Tensorflow.JS - TF.Weniger (Tensor1, Tensor2)
Tensorflow.JS - Tensor1.weniger (Tensor2)
Ausgang
Arbeiten
Tensor-1: Tensor [100, 200, 300, 500]
Tensor-2: Tensor [50, 345, 675, 120]
Elementweise Vergleich:
100<50 - false
200<345 - true
300<675 - true
500<120 - false
Beispiel 2
Erstellen Sie zwei Werte mit scalar () und wenden Sie TF an.weniger () zu überprüfen, ob der Wert geringer ist als der im zweite Skalar vorhandene Wert.
Tensorflow.JS - TF.Weniger (scalar1, scalar2)
Tensorflow.JS - Scalar1.weniger (scalar2)
Ausgang
34 ist mindestens 23. Also gab es falsch zurück.
Beispiel 3
Erstellen Sie 2 zweidimensionale Tensoren mit 2 Zeilen und 2 Spalten und wenden Sie TF an.weniger () zu überprüfen, ob die Elemente im ersten Tensor geringer sind als die Elemente im zweiten Tensor.
Tensorflow.JS - TF.Weniger (Tensor1, Tensor2)

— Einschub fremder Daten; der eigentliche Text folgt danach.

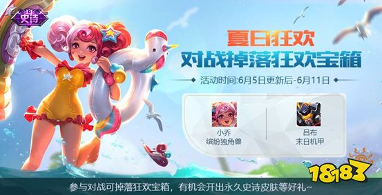 活动期间,参与指定模式对战可获得【狂欢宝箱】,6月9日-6月11日与好友组队每日完成一局更可额外获得【狂欢宝箱】*1!,开启宝箱有机会开出永久史诗皮肤(缤纷独角兽-小乔,末日机甲-吕布)、英雄等好礼!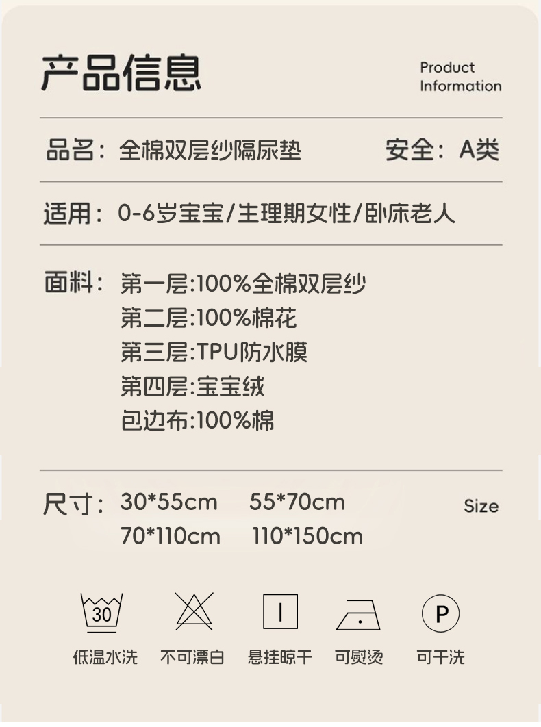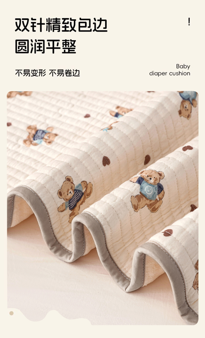 商品名称:永旺家纺 2026新款四季可用A面全棉B面宝宝绒全棉纯棉双层纱防水隔尿垫垫子系列 童趣(粉)

Tensorflow.JS - Tensor1.weniger (Tensor2)
Ausgang
Arbeiten
Tensor-1: Tensor [[90, 56], [78, 12]]
Tensor-2: Tensor [[10, 56], [34, 45]]
Elementweise Vergleich:
90<10 - false
56<56 - false
78<34 - false
12<45 - true
Abschluss
tf.weniger () im Tensorflow.JS wird verwendet, um die Elemente zu vergleichen, die true zurückkehren, wenn das Element im ersten Tensor geringer ist als das Element im zweiten Tensor. Es ist auch möglich, die weniger () -Methode auf zwei Arten zu implementieren. Wir haben drei verschiedene Beispiele diskutiert, wobei die Tensors ein und zwei Dimensionen und Skalare verwendet werden.